Task to carry out: Your output should consist of the lines from the first line of the records below through the one with "(Gratis Ongkir) Kemeja", exactly, minus the pictures.

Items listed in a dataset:

☆ ☆ ☆

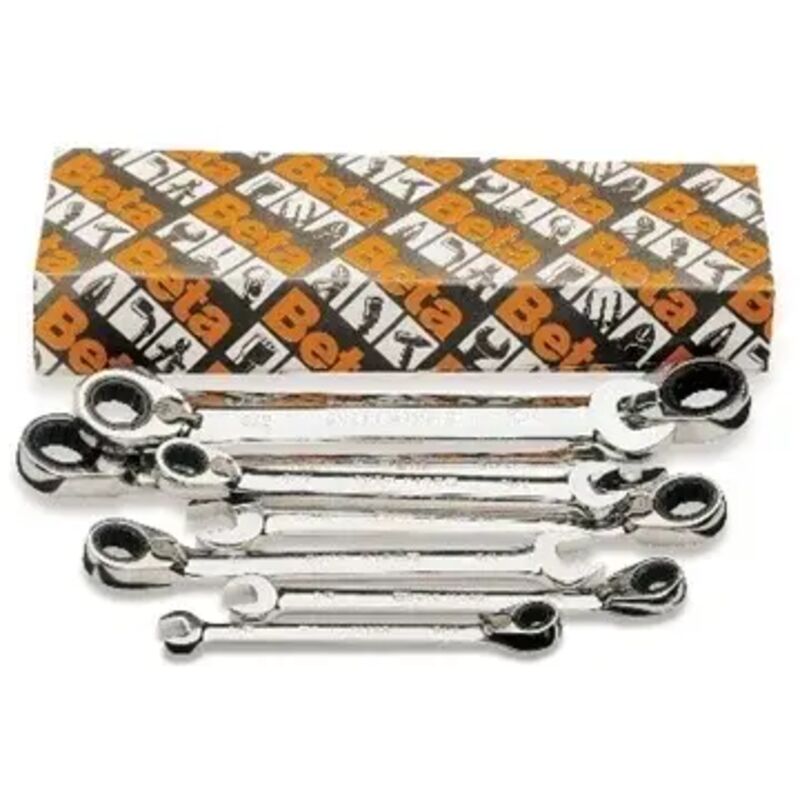 Serie di 8 chiavi combinate a cricchetto Beta reversibile in pollici beta (art.142AS) Misure: 5/16 - 3/8 - 7/16 - 1/2 - 9/16 - 5/8 - 11/16 - 3/4
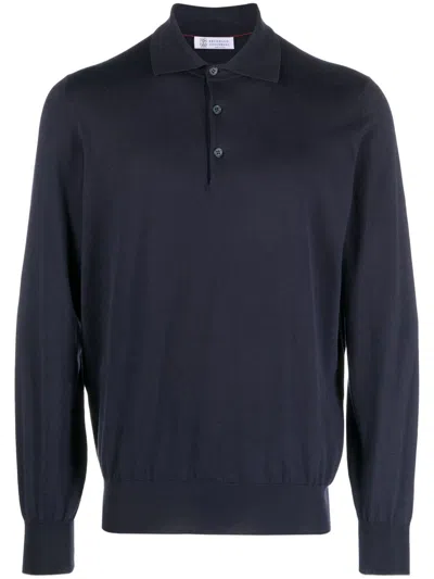Long-sleeved Polo Sweater In Blue
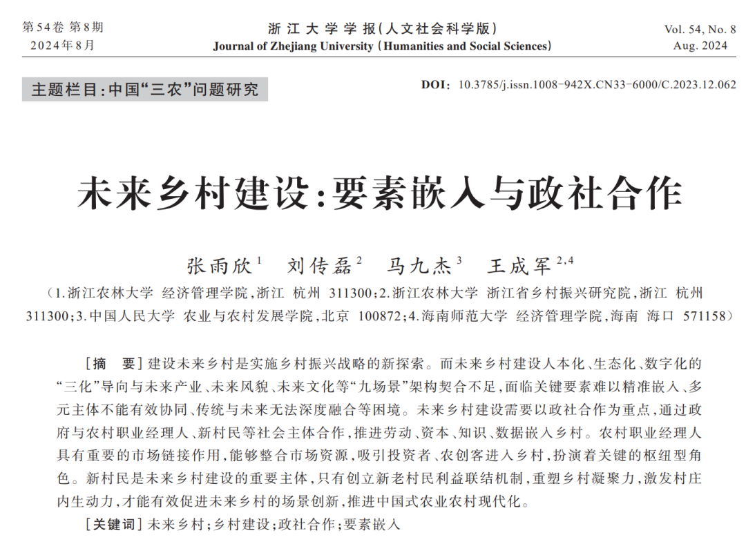近期,王成军教授与beat365在线唯一官网硕士生张雨欣,刘传磊博士等团队成员合作撰写的论文《未来乡村建设:要素嵌入与政社合作》在一级学术期刊《浙江大学学报(人文社会科学版)》第8期发表。
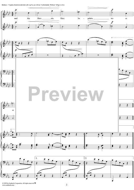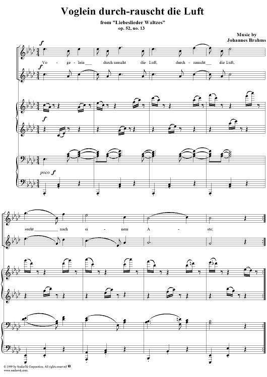 Digital Sheet Music for 13. Vöglein durch-rauscht die Luft by Johannes Brahms scored for Soprano/Alto/2 Pianos, 4 Hands; id:274327
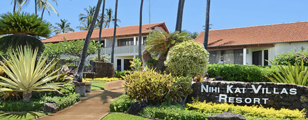 Occupying a prime location in sunny Poipu Beach Kauai, Nihi Kai Villas Resort is just steps away from the Poipu shoreline and a few yards from Brennecke's Beach and Poipu Beach Park. Nihi Kai Villas' plantation-style architecture sprawls across terrain enlivened by palm trees, tropical flowers, fruit trees, orchids, plumeria trees and well-manicured lawns. Guests of Nihi Kai Villas will enjoy an oceanfront outdoor pool, tennis courts, paddleball court and two outdoor grilling areas.
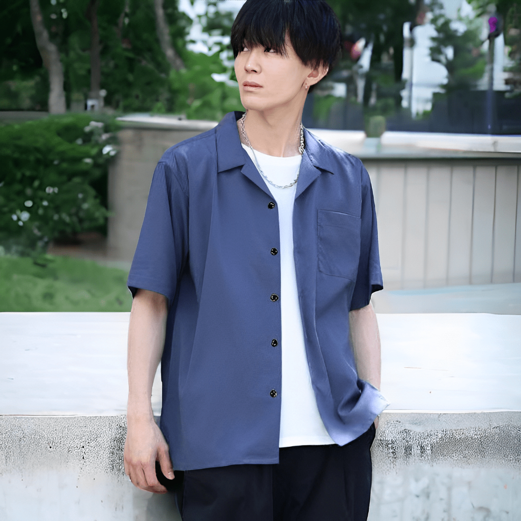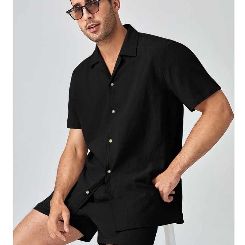 (Gratis Ongkir) Kemeja Vintage Pria Lengan Pendek Kemeja Polos Pria Polos Korean Style
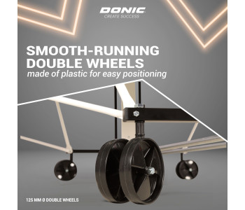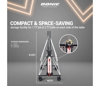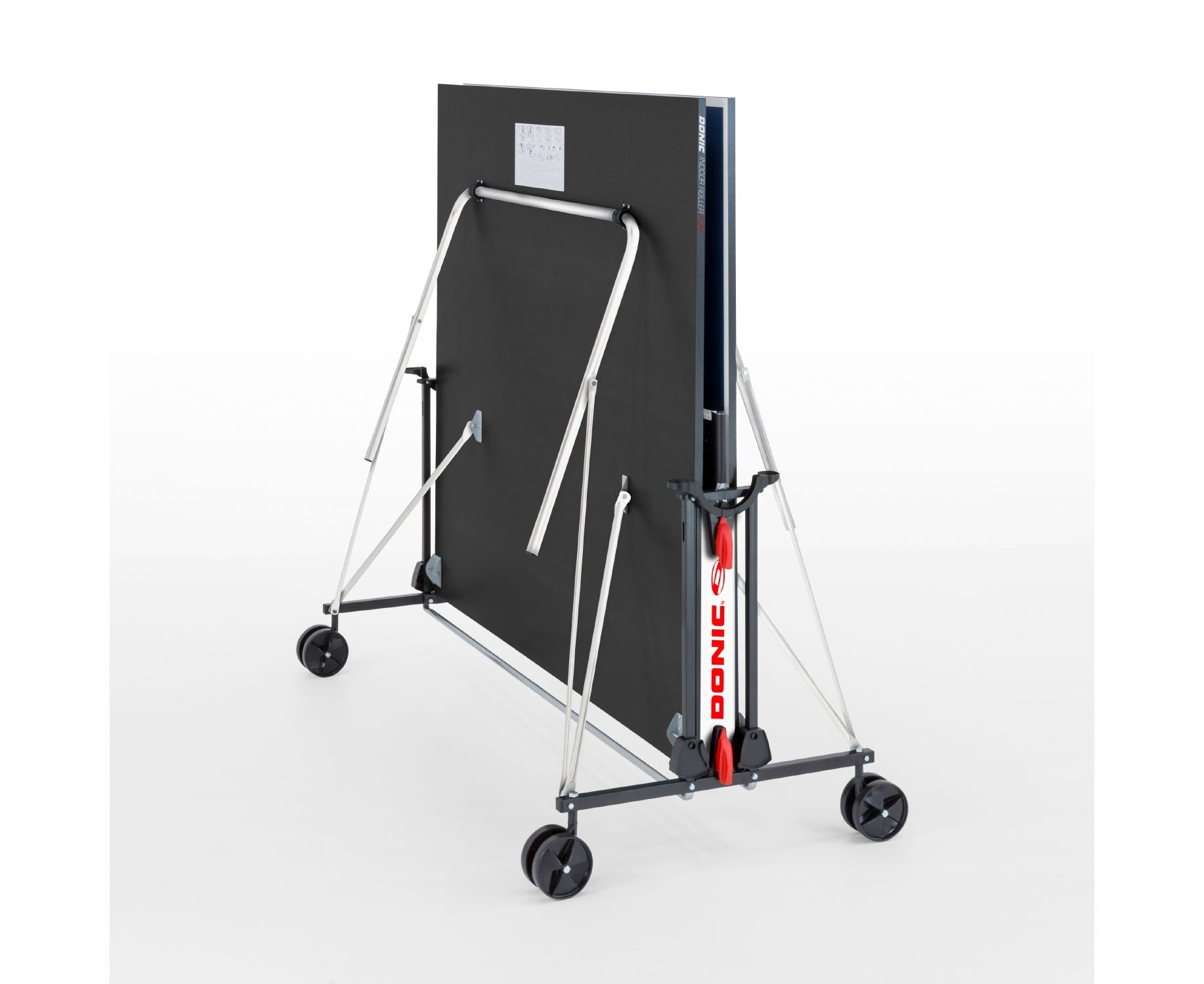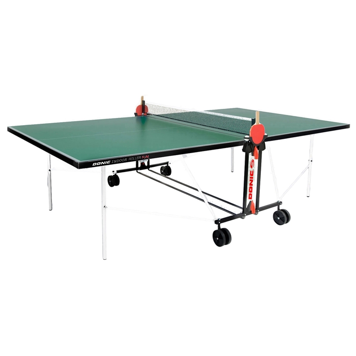 Стіл для настільного тенісу Donic Indoor Roller FUN - міцний компактний, складний тенісний стіл для аматорської гри у ping pong у закритих приміщеннях. В основі столу розташовані осередки для зберігання ракеток та м'ячів

☆ ☆ ☆

Problem solution:
 Serie di 8 chiavi combinate a cricchetto Beta reversibile in pollici beta (art.142AS) Misure: 5/16 - 3/8 - 7/16 - 1/2 - 9/16 - 5/8 - 11/16 - 3/4
Long-sleeved Polo Sweater In Blue
近期,王成军教授与beat365在线唯一官网硕士生张雨欣,刘传磊博士等团队成员合作撰写的论文《未来乡村建设:要素嵌入与政社合作》在一级学术期刊《浙江大学学报(人文社会科学版)》第8期发表。
 Digital Sheet Music for 13. Vöglein durch-rauscht die Luft by Johannes Brahms scored for Soprano/Alto/2 Pianos, 4 Hands; id:274327
 Occupying a prime location in sunny Poipu Beach Kauai, Nihi Kai Villas Resort is just steps away from the Poipu shoreline and a few yards from Brennecke's Beach and Poipu Beach Park. Nihi Kai Villas' plantation-style architecture sprawls across terrain enlivened by palm trees, tropical flowers, fruit trees, orchids, plumeria trees and well-manicured lawns. Guests of Nihi Kai Villas will enjoy an oceanfront outdoor pool, tennis courts, paddleball court and two outdoor grilling areas.
 (Gratis Ongkir) Kemeja Vintage Pria Lengan Pendek Kemeja Polos Pria Polos Korean Style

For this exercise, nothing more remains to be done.